「なんだよ、あいつは!自分の姉を見捨てるとは薄情なヤツ……」

「私がイケないのよ。遅刻しそうになったのも私のせいだし、昔から鈍臭いんだよね」

「……桃と比べるからだよ、男っぽい性格だからなぁ。ほれ、これで最後だ」
散らばった絵の具を手に取ると桜に手渡した。
彼のぬくもりを感じる使いかけの赤色の絵の具……。

「桃が聞いたら怒りそう」
それは掌の中に静かに収まる。

「桜は桜でいいとこあるんだし……気にすることねぇって」

「ありがとう」

二人は学校に向かって歩き始めた。





「どういうつもりだ?」

「なっ何よ、いきなり」

私と穂稀は同じ三年A組、桜はD組なんだよね。
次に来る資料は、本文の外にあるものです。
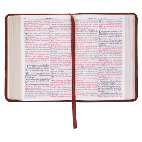 KJV Brown Faux Leather Compact Bible Large Print Red Letter
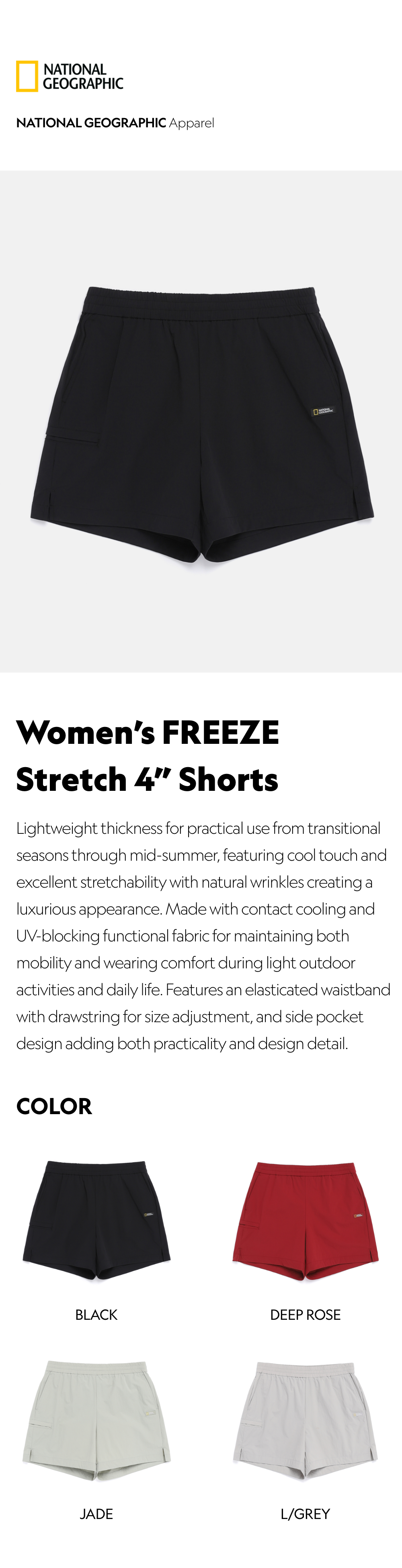 Lightweight thickness for practical use from transitional seasons through mid-summer, featuring cool touch and excellent stretchability with natural wrinkles creating a luxurious appearance. Made with contact cooling and UV-blocking functional fabric for satisfying both mobility and wearing comfort during light outdoor activities and daily life.
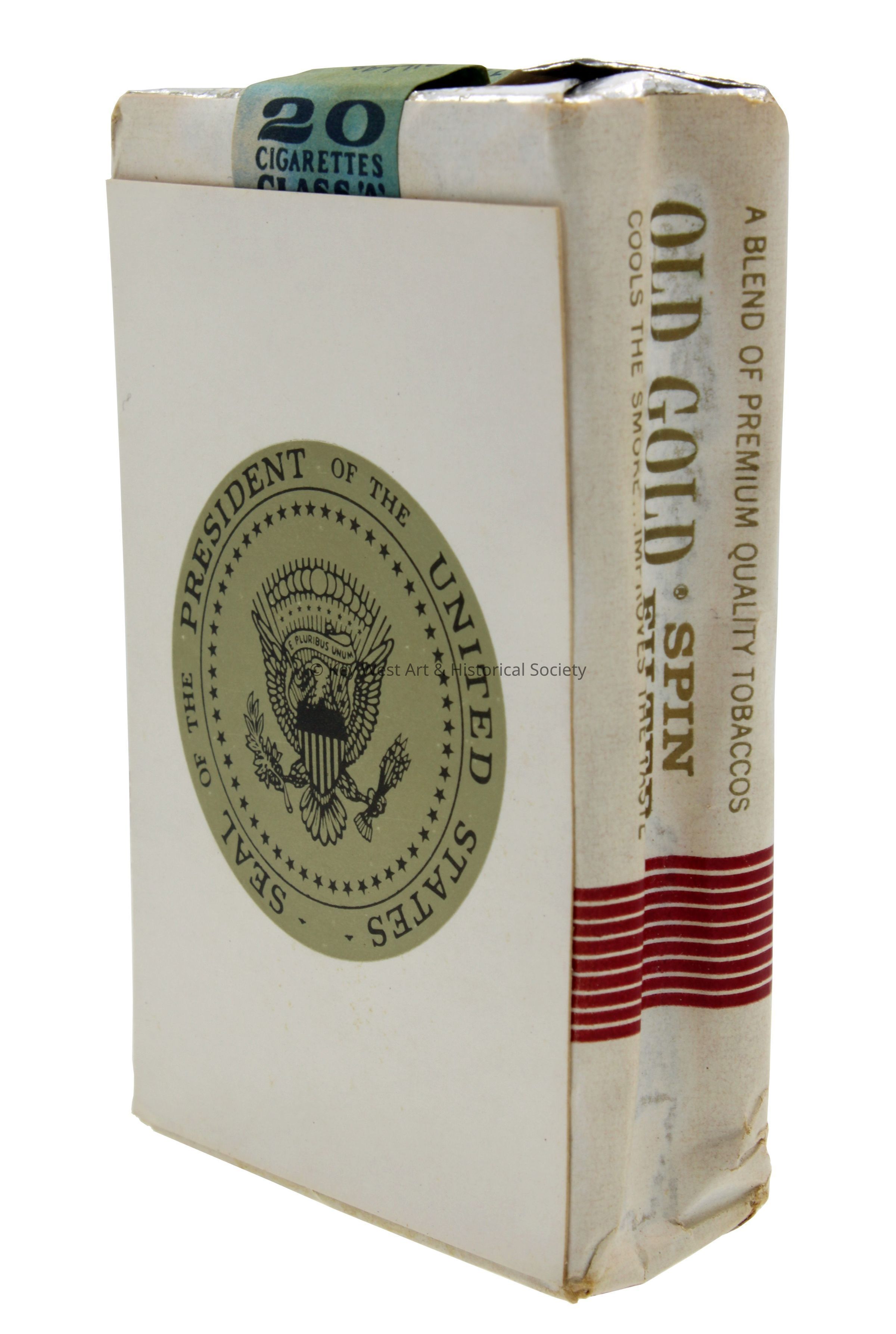 Pack of twenty Old Gold Brand cigarettes belonging to US President Harry S Truman. The presidential seal on the back of the unopened pack.
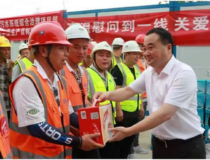 7月20日,岳陽市云溪區委書記劉正仁來公司岳陽市中心城區污水系統綜合治理項目看望慰問高溫期間堅守一線的員工。區委副書記、宣傳部長趙婷,區委常委、區委辦主任劉慶雄,區人大常委會副主任曹顯良,區工會、區住建局相關負責人;項目臨時黨支部、工會負責人等陪同。
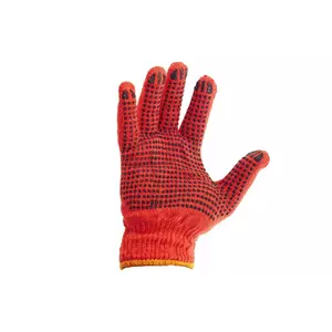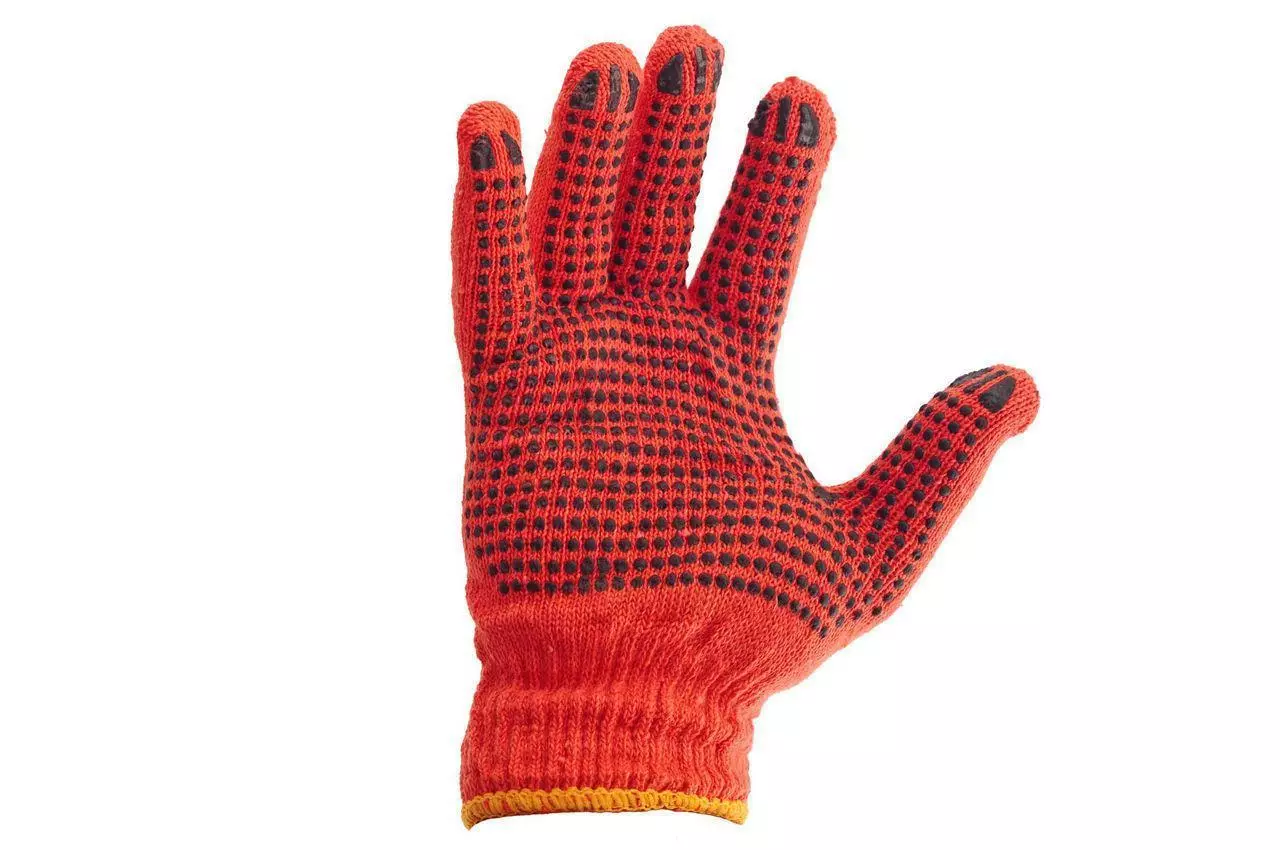 Перчатки рабочие оранжевые в точку , в упаковке 12 пар в мешке 600 пар
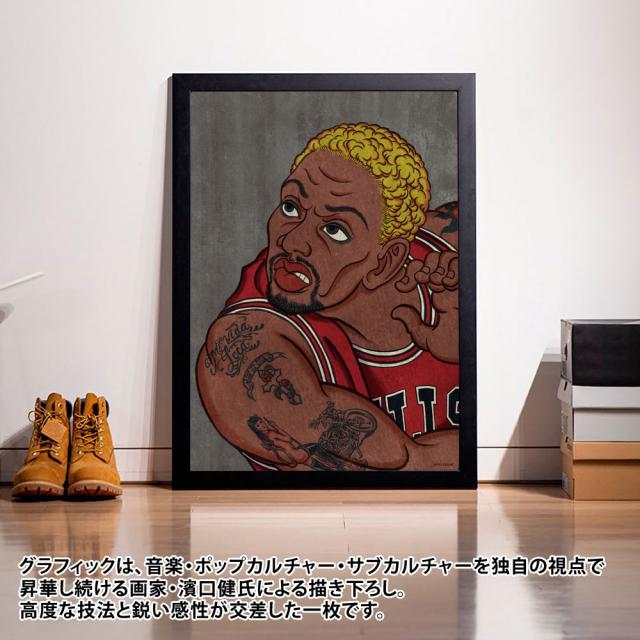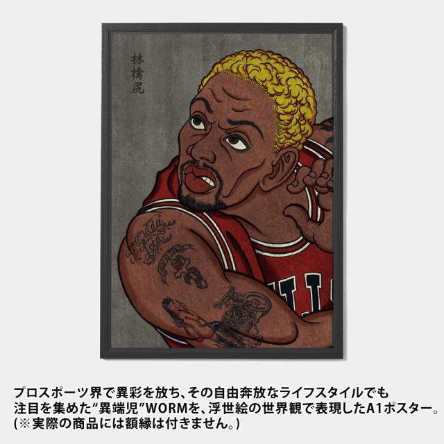 プロスポーツ界で異彩を放ち、その自由奔放なライフスタイルでも注目を集めた"異端児"WORMを、浮世絵の世界観で表現したA1ポスター。グラフィックは、音楽・ポップカルチャー・サブカルチャーを独自の視点で昇華し続ける画家・濱口健氏による描き下ろし。高度な技法と鋭い感性が交差した一枚です。
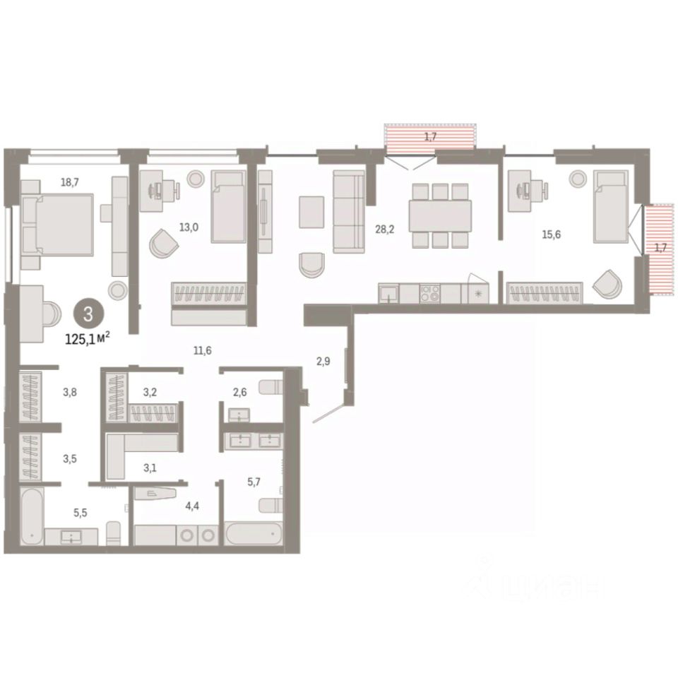 3-комн. квартира с предчистовой отделкой в ЖК ''Республики 205'' на 10 этаже. Общая площадь: 125.11 кв.м., жилая: 47.3 кв.м., площадь просторной кухни-гостиной: 28.2 кв.м. Квартира угловая, очень светлая, естественная вентиляция при открытии окон. В квартире два балкона, два совмещенных и один раздельный санузел. Высота потолков 2.7 м.

これも『腐れ縁』と言うのべきか……。

「朝のことだよ!」

ああ……あれね。
因みに気になっている人もいると思うのでお知らせしておこう。あの後、間一髪ギリギリセーフで間に合ったのだ!さすがはわ・た・し!

「もしかして怒ってる?」
せっかく桜と二人きりにしてやったのに──。
何で怒られなきゃいけないのよ。

「……お前が先に行くからいけないんだよ」

「だってそれは──」
まだ彼は桜の気持ちを知らない。だからこそ私は言葉を詰まらせた。

「久しぶりに桃と一緒に登校できるって思ったのにな」

えっ!?
今、何て……?


キーンコーン、カーンコーン……。


チャイムは二時間目の始まりを静かに告げた。